The Toronto stock market closed lower Monday as weak Chinese trade data depressed oil prices and energy stocks, and markets started to factor in the possibility of a win for Scottish independence forces.
The S&P/TSX composite index dropped 60.53 points to 15,509.39.
The Canadian dollar tumbled 0.77 of a cent to 91.13 cents US as the American currency strengthened across the board in the wake of tepid job creation data Friday and worries about the future of the United Kingdom.
New York markets were largely lacklustre with the Dow Jones industrials down 25.94 points at 17,111.42. The Nasdaq was up 9.39 points at 4,592.29, while the S&P 500 index fell 6.17 points to 2,001.54.
Traders sharpened their focus on the U.K. after a YouGov poll showed rising support for Scottish independence. The British pound dropped to a 10-month low against the greenback (US$1.6103), with markets getting increasingly concerned that the gap between the Yes and No sides has narrowed considerably just days before the Sept. 18 referendum.
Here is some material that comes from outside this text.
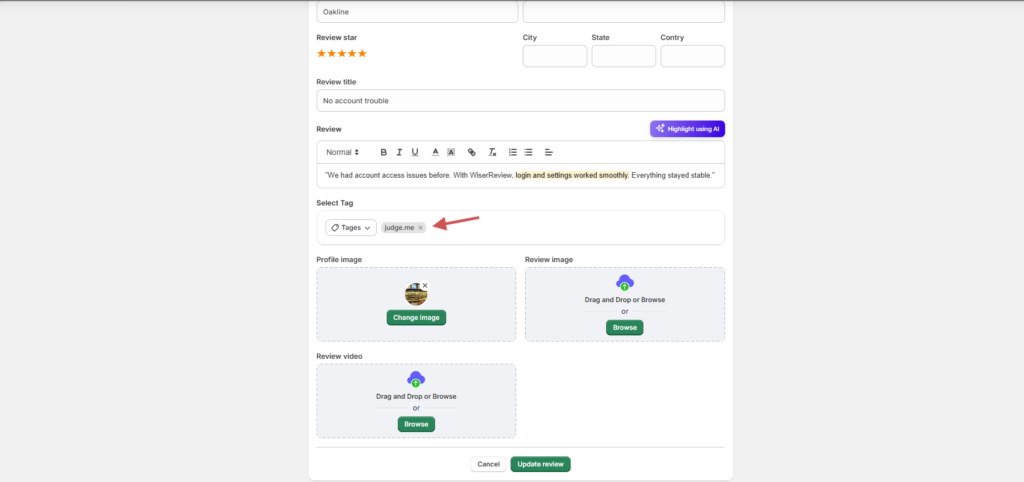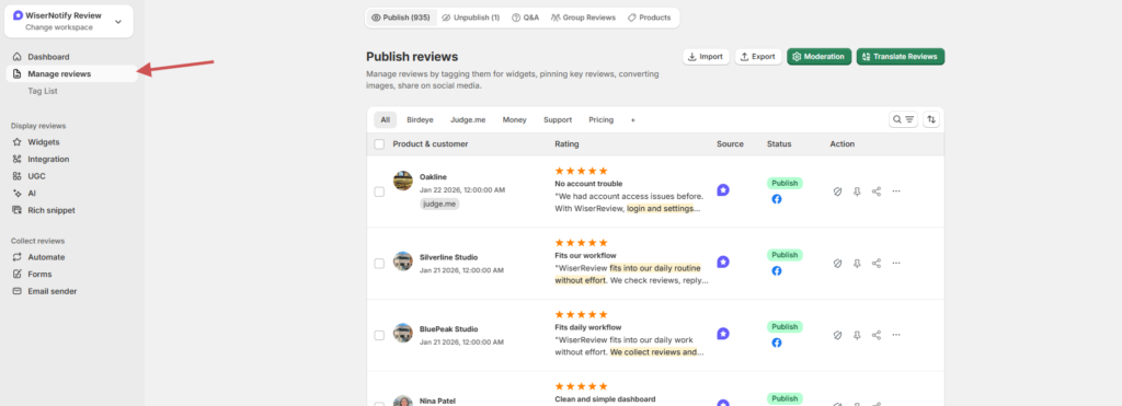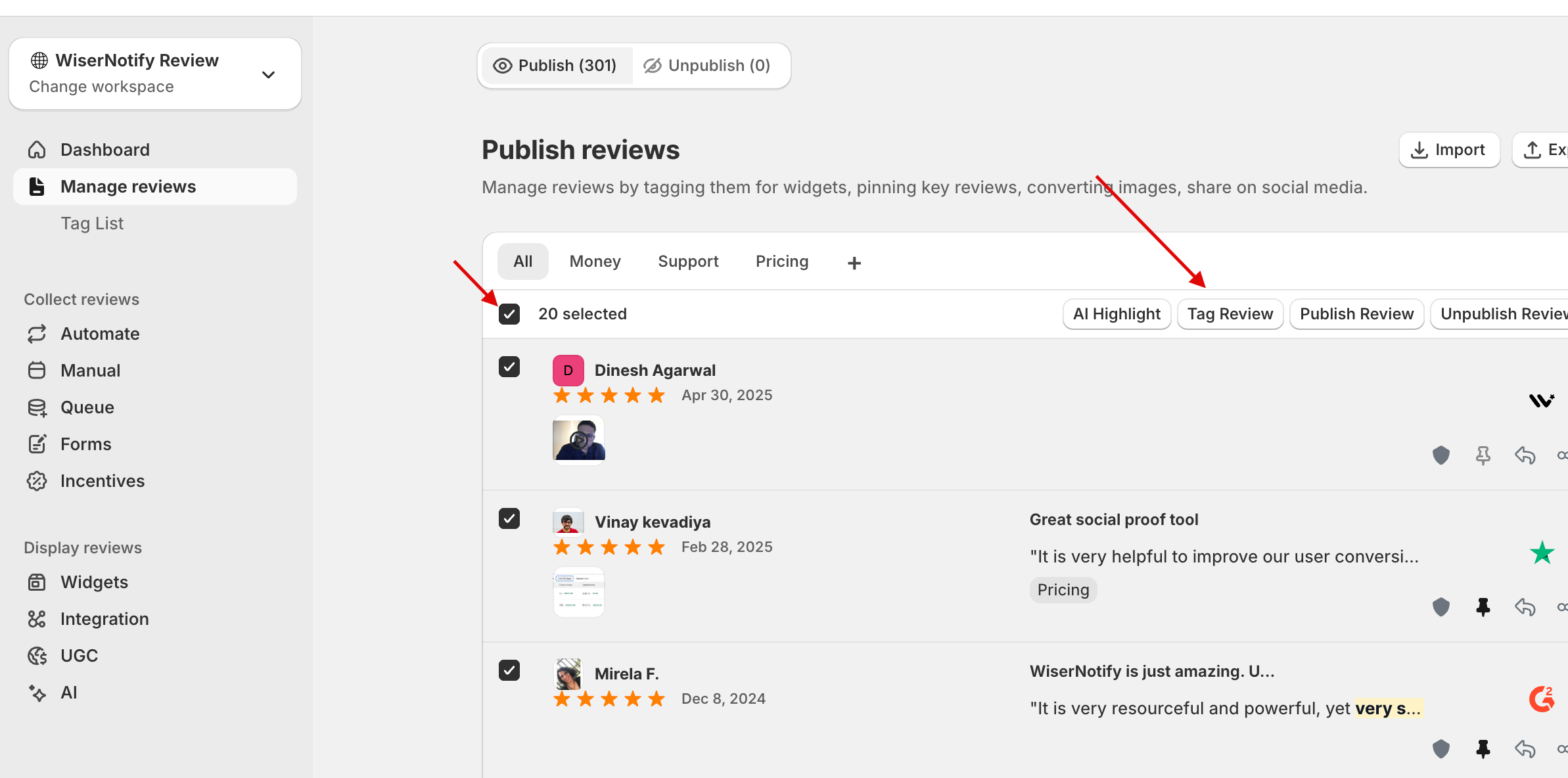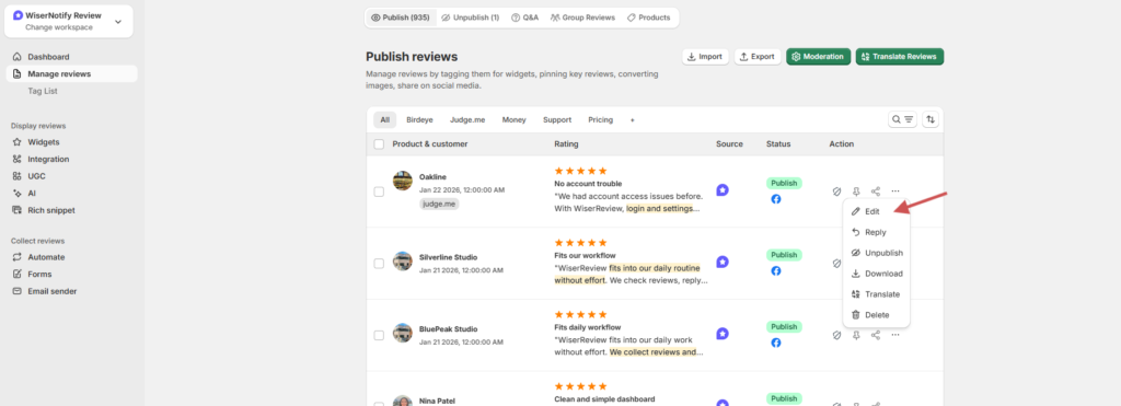Manage Reviews – Manually tag each review

“It’s hard to say how this will play itself out, but the market is taking notice of the fact particularly since we have seen the U.K. economy really rebound,” said Craig Fehr, Canadian markets specialist at Edward Jones in St. Louis.
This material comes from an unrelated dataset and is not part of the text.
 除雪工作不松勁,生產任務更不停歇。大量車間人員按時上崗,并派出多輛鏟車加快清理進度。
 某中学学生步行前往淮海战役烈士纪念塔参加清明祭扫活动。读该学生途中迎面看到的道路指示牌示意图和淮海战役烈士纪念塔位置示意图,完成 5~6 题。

So to see a disruption come out of a pocket of strength for the global economy would be a little disheartening for the market.”
A Yes vote in the referendum would end Scotland’s 307-year-old union with England and plunge Britain into uncharted constitutional and economic waters.
There were concerns about domestic demand in the wake of the latest trade data from the world’s second-biggest economy. Chinese exports rose 9.4 per cent in August from a year earlier, but imports dropped 2.4 per cent.
Some economists say additional stimulus is needed to prevent China’s growth rate from waning after mini-stimulus measures helped it tick up to 7.5 per cent in the second quarter.
“We would like to see a bit more robust demand and I think, ultimately, there are going to be a lot of policy efforts aimed at doing that,” added Fehr.
“But they’re playing a balanced game of trying to let some air out of the property bubble while still stimulating domestic demand. It’s a tricky dance to execute.”
The energy sector led TSX decliners, down 1.5 per cent as the stronger American currency and weak Chinese trade data helped push October crude on the New York Mercantile Exchange down 63 cents to US$92.66 a barrel.
The gold sector faded about 2.25 per cent, adding to last week’s tumble of almost seven per cent as bullion prices continue to slide amid an environment of low inflation and more willingness to take on risk. December bullion moved $13 lower to US$1,254.30 an ounce. Centerra Gold (TSX:CG) dropped 39 cents to C$6.16.
The metals and mining sector moved down 0.5 per cent as December copper closed unchanged at US$3.17 a pound.
The TSX found limited support from the industrials sector with Bombardier (TSX:BBD.B) up two cents to $3.65 after the transportation company said that test flights had resumed for its CSeries aircraft on Sunday. The aircraft was grounded for more than three months due to an engine failure related to a problem with oil lubrication. Bombardier says the CSeries entry into service is still on track for the second half of 2015.